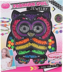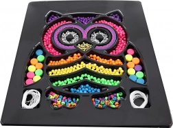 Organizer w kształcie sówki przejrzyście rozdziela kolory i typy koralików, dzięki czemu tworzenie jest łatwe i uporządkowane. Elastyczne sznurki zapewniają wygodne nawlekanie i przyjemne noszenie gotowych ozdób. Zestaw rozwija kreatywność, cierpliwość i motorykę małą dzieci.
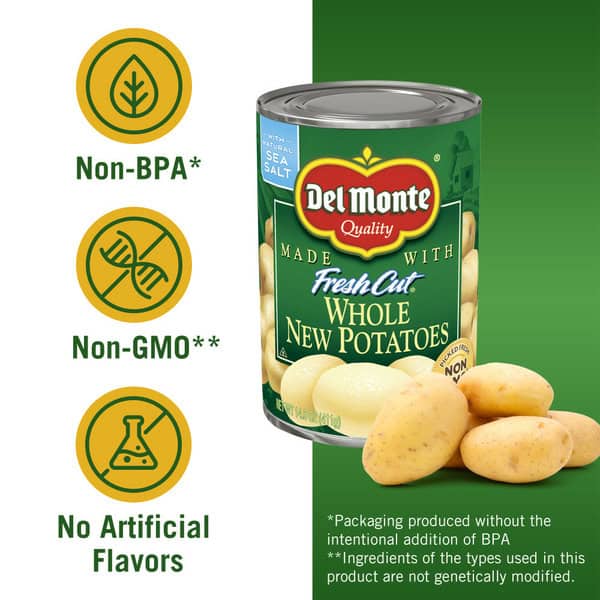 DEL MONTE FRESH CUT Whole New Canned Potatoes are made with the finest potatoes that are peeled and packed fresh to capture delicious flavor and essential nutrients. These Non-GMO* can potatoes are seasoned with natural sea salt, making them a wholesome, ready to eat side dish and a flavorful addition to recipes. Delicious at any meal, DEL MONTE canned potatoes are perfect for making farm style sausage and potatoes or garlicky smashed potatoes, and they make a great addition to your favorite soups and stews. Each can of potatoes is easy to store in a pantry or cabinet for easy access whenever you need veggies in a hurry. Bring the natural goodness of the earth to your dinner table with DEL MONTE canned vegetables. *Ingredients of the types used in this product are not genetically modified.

—————

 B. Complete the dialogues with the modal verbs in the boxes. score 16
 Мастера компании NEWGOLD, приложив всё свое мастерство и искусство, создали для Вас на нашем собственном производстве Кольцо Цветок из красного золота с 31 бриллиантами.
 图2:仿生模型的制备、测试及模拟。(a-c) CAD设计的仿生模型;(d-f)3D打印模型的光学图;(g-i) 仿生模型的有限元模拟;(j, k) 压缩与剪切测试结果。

—————

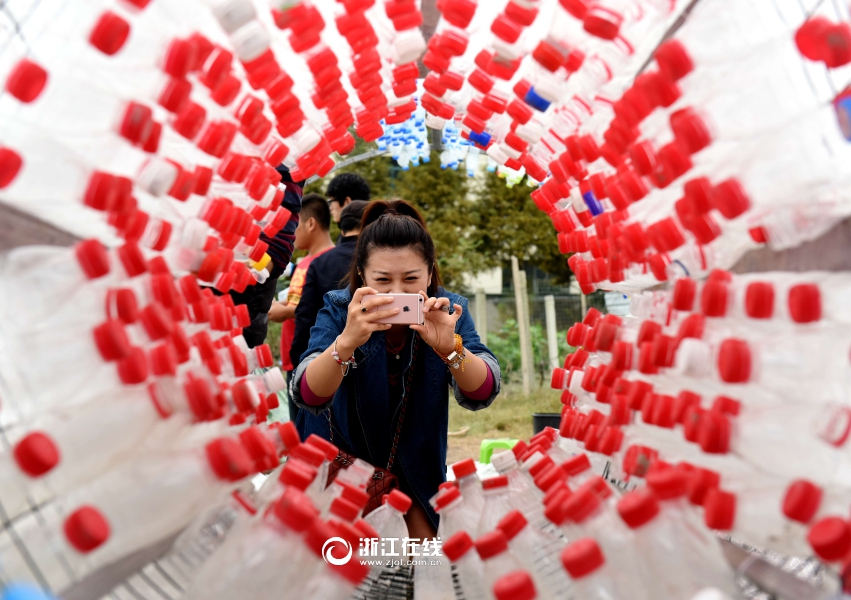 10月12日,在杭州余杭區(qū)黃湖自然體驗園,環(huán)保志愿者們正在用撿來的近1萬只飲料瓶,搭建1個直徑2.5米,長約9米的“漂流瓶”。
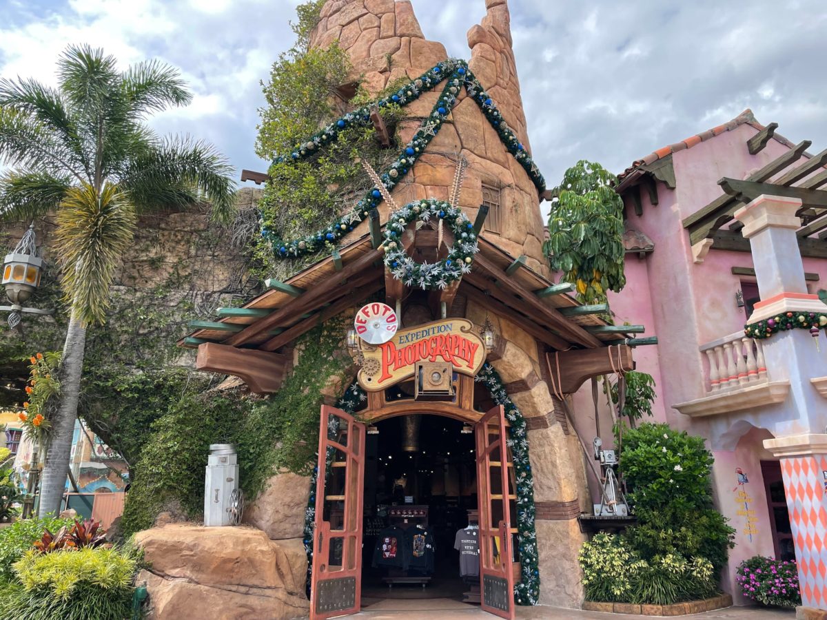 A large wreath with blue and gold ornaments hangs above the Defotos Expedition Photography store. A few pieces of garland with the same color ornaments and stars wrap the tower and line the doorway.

—————

YOUR OBJECTIVE
Could you set down, exactly as written, the lines above between the one holding "B. Complete the" and the one holding "仿生模型的有限元模拟;(j, k) 压缩与剪切测试结果。", inclusive, and nothing more?

OUTPUT BELOW
 B. Complete the dialogues with the modal verbs in the boxes. score 16
 Мастера компании NEWGOLD, приложив всё свое мастерство и искусство, создали для Вас на нашем собственном производстве Кольцо Цветок из красного золота с 31 бриллиантами.
 图2:仿生模型的制备、测试及模拟。(a-c) CAD设计的仿生模型;(d-f)3D打印模型的光学图;(g-i) 仿生模型的有限元模拟;(j, k) 压缩与剪切测试结果。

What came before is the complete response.